I recall NateLawson founded a YC startup, SourceDNA [1], that offered intelligence on reverse engineered iOS and Android apps (based on static analysis). I wonder what tools they used.

[0] https://github.com/ashishb/android-security-awesome

[1] https://news.ycombinator.com/item?id=10049925

Wow! How have I not heard of frida? This should make my normal process much simpler!

1) Decompile App -> smali

2) Decompile App -> Java (non-reversible, but easier to read)

3) Search the app for certificate pinning code (check for network_security.xml or grep for OKHttp pinning functions)

4) Find the code I just found in java, in the smali version

5) Remove the pinning code

6) Recompile smali -> apk

7) Fix whatever was causing the smail not to recompile

8) Recompile again

9) Pray

10) Install on device

11) Run app (that hopefully doesn't crash)

12) Pipe connection through Charles proxy

13) Read api calls!

I'll definitely give it a go.

In general I think there are nowhere near enough resources on decompilation, particularly on a purportedly "open" platform like Android.

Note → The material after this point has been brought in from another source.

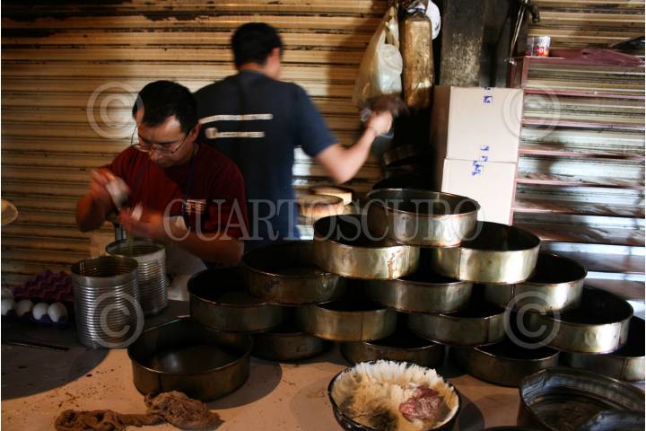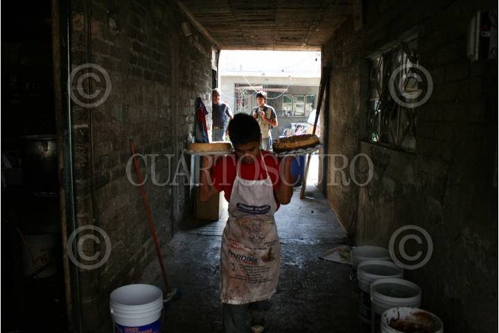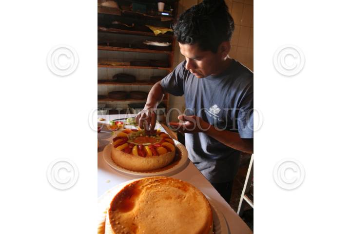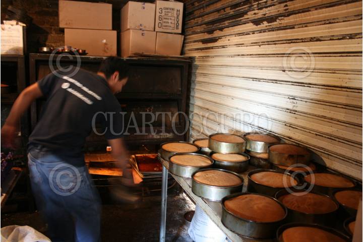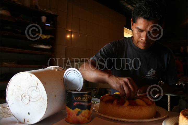 MÉXICO, D.F., 15DICIEMBRE2008.- Siempre que devoramos un pastel hasta la ultima migaja nos olvidamos del duro trabajo que se realiza día con día para su elaboración, desde muy temprano antes del que el sol salga, pasteleros preparan todo para hornear decorar y distribuir este dulce alimento, con frutas harina huevos y crema pastelera la gastronomía empieza a funcionar en este taller pastelero en el que trabajan 5 reposteros y la mascota como ellos denominan a un chalan que apenas cuenta con 16 años, ellos baten hornean y distribuyen los ricos pasteles que devoramos en cumpleaños y fiestas dentro de nuestros hogares. FOTO: RICARDO CASTELAN/CUARTOSCURO.COM

Really looking forward on the rest of the tutorial coming online.

As an alternative, you could use the XPosed framework. It basically lets you overwrite App and System methods and classes by installing a small module. No need to modify your target apk. So you can just return true from the method that checks if the correct certificate is in use.

XposedMod is amazing but you could override methods with Frida, as well. Just that Frida works both with or without having to root the device.

"there are nowhere near enough resources on decompilation, particularly on a purportedly "open" platform like Android."

Most apps are definitely not 'open' and unfortunately most of 'reverse engineering' has nefarious intentions.

Once one has had key code stolen from them, it changes one's perspective a little.

Unless your APK is internal and not distributed outside a small circle, assume your code has been reverse engineered.

Surely if you're running something that has to be that "closed", most of the key code is server side and the client is just calling APIs.

Reverse engineers are not your enemy.

"Unless your APK is internal and not distributed outside a small circle, assume your code has been reverse engineered."

Of course, but doesn't obviate the illegality of stealing protected code.

"Reverse engineers are not your enemy."

Yes, many of them are.

Many of these resources and individuals are involved in illegal and immoral acts around stealing code and IP, and justify it to themselves on some kind of skewed logic.

Nobody really cares that folks are hacking code for fun, and nobody cares that people would use resources for this purpose. This is fine and possibly helpful.

But IP theft is a big deal, and it's very damaging.

"Surely if you're running something that has to be that "closed", most of the key code is server side and the client is just calling APIs"

Unfortunately, this isn't possible in a variety of cases, especially new and upcoming scenarios that require AI to be 'on device'. There are many other such scenarios.

It's very oppressive to a major class of innovation - particularly to those who've worked very hard to assemble something exceptional and useful.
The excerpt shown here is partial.